_WORK INSTRUCTION_
Reproduce the listing below exactly. Pictures do not belong in the copy.

_DATA EXCERPT_
———

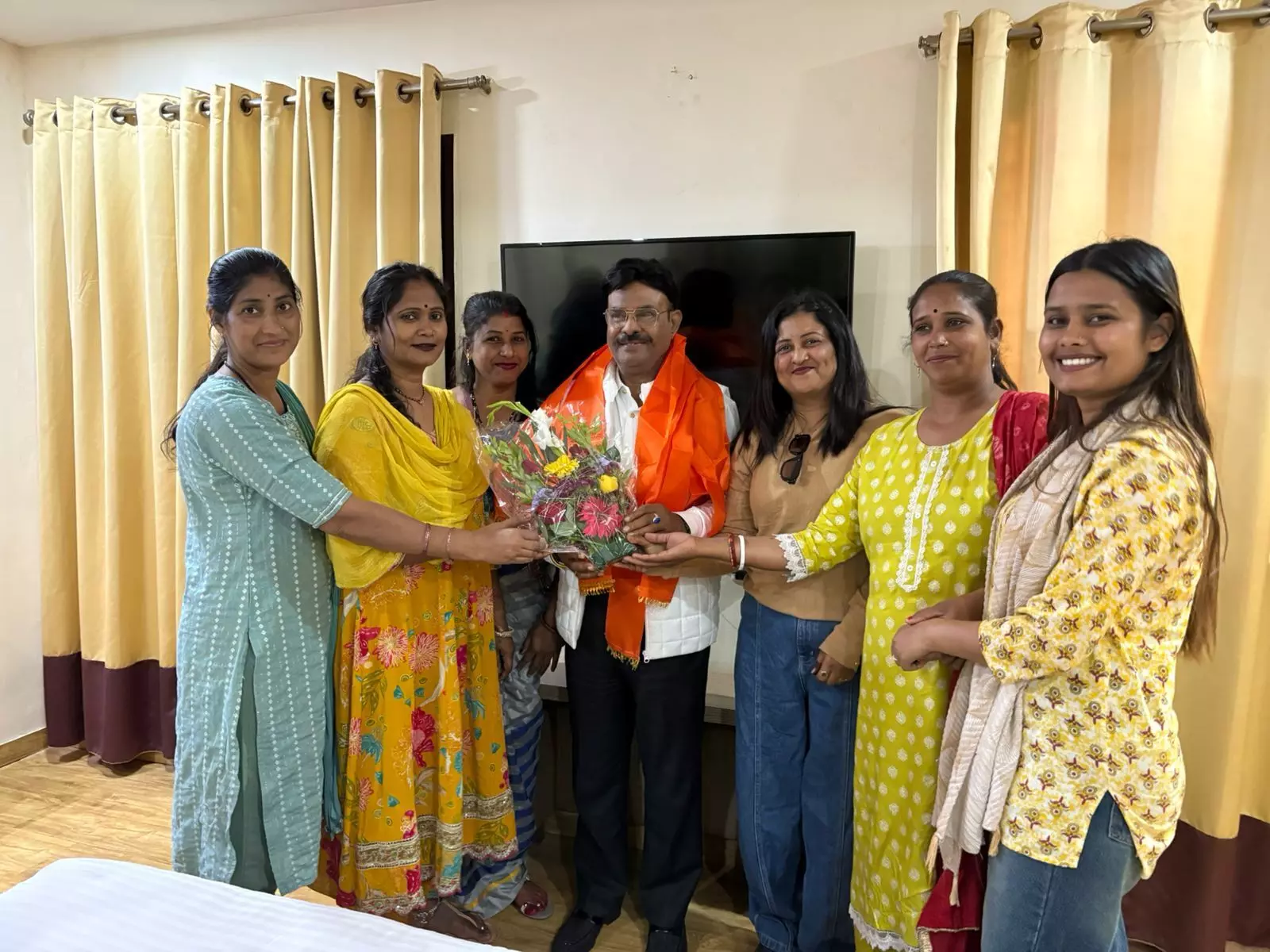 भीलवाड़ा स्थित पूर्वांचल जन चेतना समिति चैरिटेबल ट्रस्ट के पदाधिकारी ने इस अवसर पर गरमजोशी से उनका होटल रॉयल एंबेसी में स्वागत किया। पूर्वांचल जन चेतना समिति के संस्थापक अध्यक्ष रजनीश वर्मा के निर्देशानुसार समिति की कार्यकारिणी सदस्यगण रामावती देवी, अनुराधा झा, शिल्पी सिंह , पूनम झा, लक्षिता, नीलम देवी ने उनका पुष्पगुछ देकर और पटका पहन कर स्वागत किया।
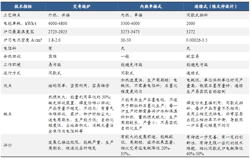 从石墨化工艺看,未来箱式炉、连续石墨化炉将逐渐兴起。石墨化主要包括间歇式和连续式两种加工工艺,间歇式工艺主要采用艾奇逊炉和内热串接式石墨化炉,连续式工艺则主要采用连续式石墨化炉。
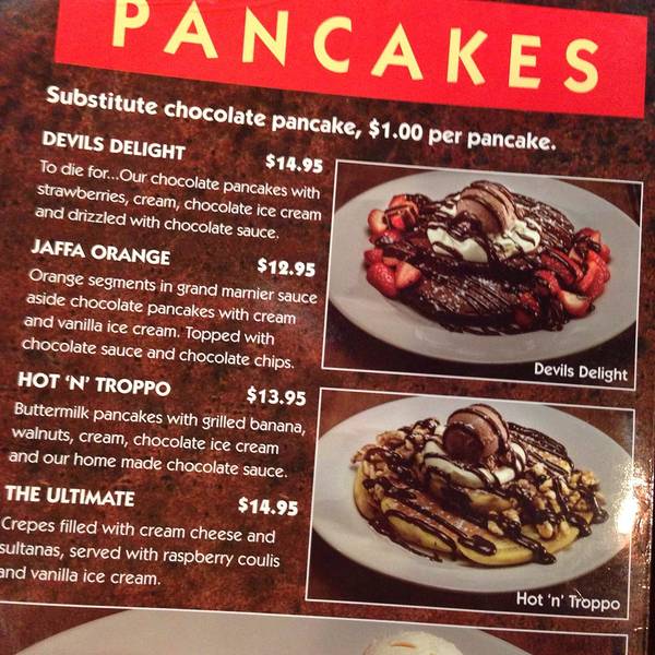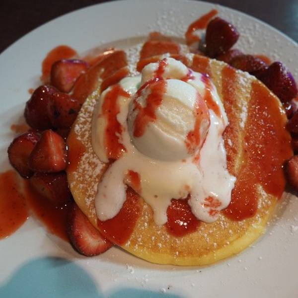 果然是国内的网红店,进去齐刷刷中国人的面孔。不过本来悉尼人口中华人比例就是高的离谱。点了网红店的网红产品牛排和Pancake。牛排和我想象的不一样,是全熟的,或者说是有点类似红烧牛排的感觉。味道其实并不惊艳,但分量足,大口吃肉的感觉还是很爽的,味道也过得去。草莓味的Pancake,这道菜倒是很好吃,Pancake异常松软,冰激凌的奶味十足,草莓的酸味正好中和了上面枫糖浆的甜味,口感很棒。这道巧克力的也不错,反正满满的卡路里,得到的是这阴雨天旅行绝对的安慰剂,一边罪恶一边爽,没几口就光盘了。

———

_OUTPUT OF THE EXERCISE_
 भीलवाड़ा स्थित पूर्वांचल जन चेतना समिति चैरिटेबल ट्रस्ट के पदाधिकारी ने इस अवसर पर गरमजोशी से उनका होटल रॉयल एंबेसी में स्वागत किया। पूर्वांचल जन चेतना समिति के संस्थापक अध्यक्ष रजनीश वर्मा के निर्देशानुसार समिति की कार्यकारिणी सदस्यगण रामावती देवी, अनुराधा झा, शिल्पी सिंह , पूनम झा, लक्षिता, नीलम देवी ने उनका पुष्पगुछ देकर और पटका पहन कर स्वागत किया।
 从石墨化工艺看,未来箱式炉、连续石墨化炉将逐渐兴起。石墨化主要包括间歇式和连续式两种加工工艺,间歇式工艺主要采用艾奇逊炉和内热串接式石墨化炉,连续式工艺则主要采用连续式石墨化炉。
 果然是国内的网红店,进去齐刷刷中国人的面孔。不过本来悉尼人口中华人比例就是高的离谱。点了网红店的网红产品牛排和Pancake。牛排和我想象的不一样,是全熟的,或者说是有点类似红烧牛排的感觉。味道其实并不惊艳,但分量足,大口吃肉的感觉还是很爽的,味道也过得去。草莓味的Pancake,这道菜倒是很好吃,Pancake异常松软,冰激凌的奶味十足,草莓的酸味正好中和了上面枫糖浆的甜味,口感很棒。这道巧克力的也不错,反正满满的卡路里,得到的是这阴雨天旅行绝对的安慰剂,一边罪恶一边爽,没几口就光盘了。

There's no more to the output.